4. Если декламации Руссо навевают леденящую скуку, то жизнь его всегда насущно интересна. Что же было самой характерной чертой этой жизни, столь щедрой на психологические уроки? На мой взгляд, эту черту можно было бы назвать имитацией святости. Я веду речь не о какой-то сознательно рассчитанной комедии — я говорю об имитации непроизвольной, наивной, изливающейся из сердца — о той искренней двойственности, которая Жан-Жака первого же и провела. Взглянем же с должным вниманием на нашего героя с этой точки зрения.
Руссо целиком унаследовал, вобрав в себя, нестроения, вошедшие в мир с Реформацией. Он был неисцелимо болен глубоко «астеническим» неврозом; в замкнутом пространстве его сознания сталкивались контрасты наследственности. С удивительным художественным дарованием, с живым умом и, подчас, замечательным инстинктивным здравым смыслом, с чрезвычайно обостренной чувствительностью, стремлением к возвышенному, пламенем гения, являющимся в его необыкновенных глазах, он сочетал редкостную немощь способностей, дающих человеку разумную власть над действительностью. В плане рассуждения всякая попытка выстроить что-то логически связное для него — мука [246] ; «все его разнообразные рассуждения гармонируют лишь в одном — жалобном тоне» [247] , но главное — в практическом плане воля как разумная сила у него совершенно отсутствует.
[246]
«Во мне сочетаются, не могу понять, как, две почти несочетаемые вещи: темперамент мой весьма пылок, страсти весьма бурны, мысли же рождаются медленно, неуверенно и всегда уже задним числом. Подумаешь, что мои сердце и ум не принадлежат одному человеку. Быстрее молнии чувство наполняет душу мою, но не освещает меня, а обжигает и ослепляет. Я все чувствую и ничего не вижу. Я увлечен, но глуп; чтобы мыслить, я должен быть в хладнокровном состоянии.

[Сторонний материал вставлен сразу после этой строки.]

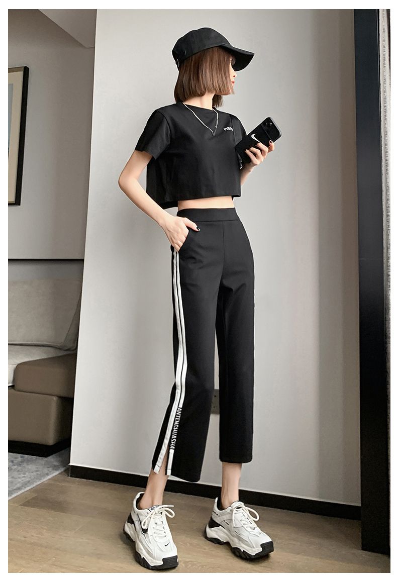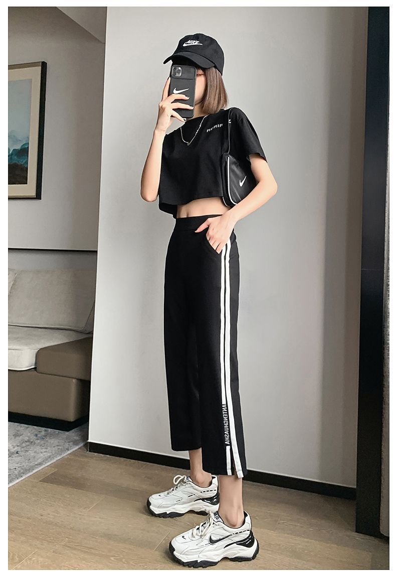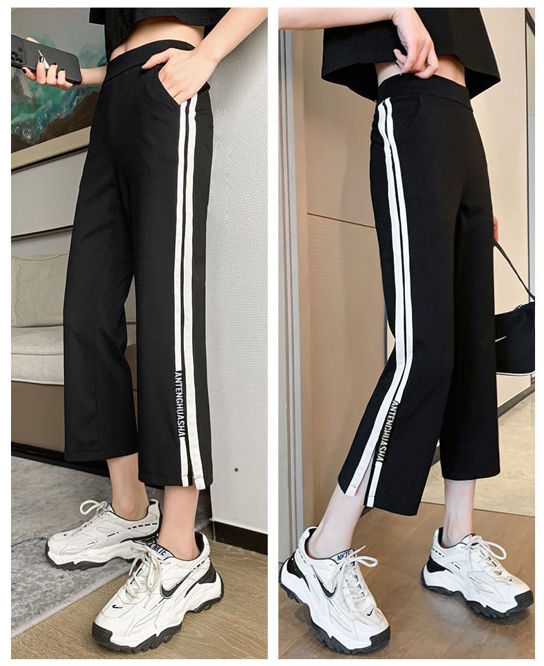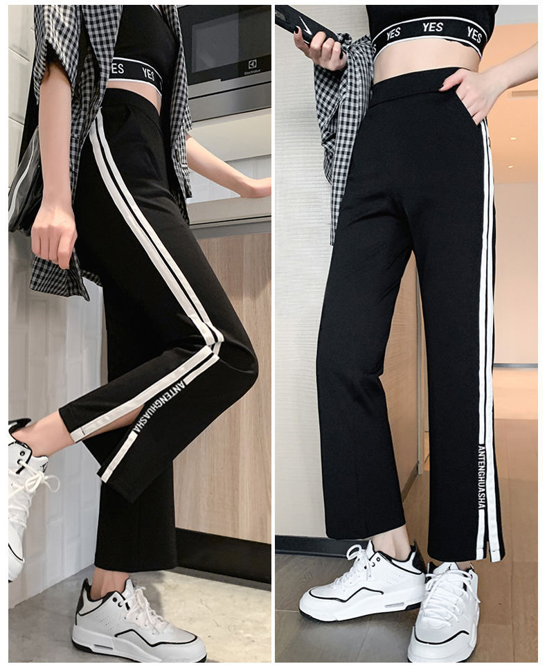 Pantalones negros de nueve puntos gratis para mujeres en primavera y otoño 2024 nuevos pantalones de trompeta delgados y delgados se abren en la cintura alta y se usan fuera de ocho puntos.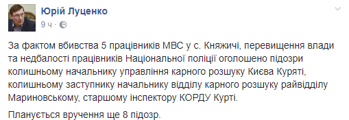 По факту убийства пяти работников МВД в с. Княжичи, превышению власти и халатности работников Национальной полиции объявлены подозрения бывшему начальнику управления уголовного розыска Киева Леониду Куряте, бывшему заместителю начальника отдела уголовного розыска райотдела Роману Мариновскому и старшему инспектору КОРДа Андрею Курте.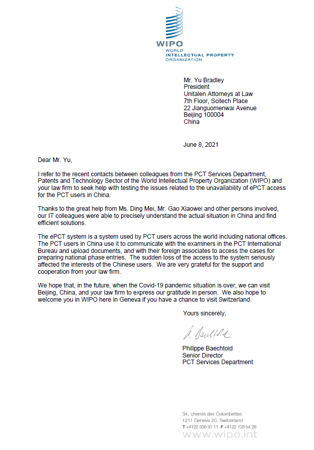 近日,世界知識產(chǎn)權組織(WIPO)國際局PCT服務部高級司長Philippe Baechtold向集佳合伙人會議主席于澤輝所長發(fā)來感謝信,對協(xié)助PCT服務部完美解決了WIPO ePCT系統(tǒng)在中國使用問題的集佳工作人員表示衷心感謝!

Это соединение медлительности мысли с живостью чувства бывает у меня не только в разговоре, но даже и в одиночестве, и когда я работаю. Мысли укладываются у меня в голове с невероятнейшим трудом: они глухо кружат там, их брожение меня возбуждает, я ничего не вижу ясно, ни слова не могу написать — подождем. Потихоньку эта суета уляжется, все встанет на свои места — но не сразу, а после долгой и бурной смуты» («Исповедь», кн. III).
«Словом, я обыкновенно находил, что он тяжелодумен, косноязычен, всегда с трудом и без успеха подыскивает точное слово и запутывает мысли, и без того не слишком ясные, дурной манерой выражения» («Второй диалог»).

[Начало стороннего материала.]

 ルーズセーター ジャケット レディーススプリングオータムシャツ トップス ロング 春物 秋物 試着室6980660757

«Весьма любезно с вашей стороны указать на мои погрешности в рассуждении. Могли ли вы заметить, что я прекрасно вижу те или иные предметы, но совсем не умею сравнивать их, что я довольно богат на посылки, но никогда не вижу следствий, что порядок и метода — ваши божества — для меня фурии, что мне все всегда представляется лишь по отдельности, что я в своих писаниях не связываю идеи, а пользуюсь какими-то шарлатанскими переходами, которые в самую первую очередь вводят в заблуждение именно вас — великих философов? По этим-то причинам я решился презирать вас, ясно видя, что не могу с вами сравняться» (Письмо дону Дешану, 12 сентября 1762 г. (Masson, II, 84). В этих признаниях есть, конечно, доля иронии, но в сущности они, как справедливо замечает г-н Массон, искренни.
[247]
Ch. Morras. Romantisme et Révolution (предисловие к последнему изданию).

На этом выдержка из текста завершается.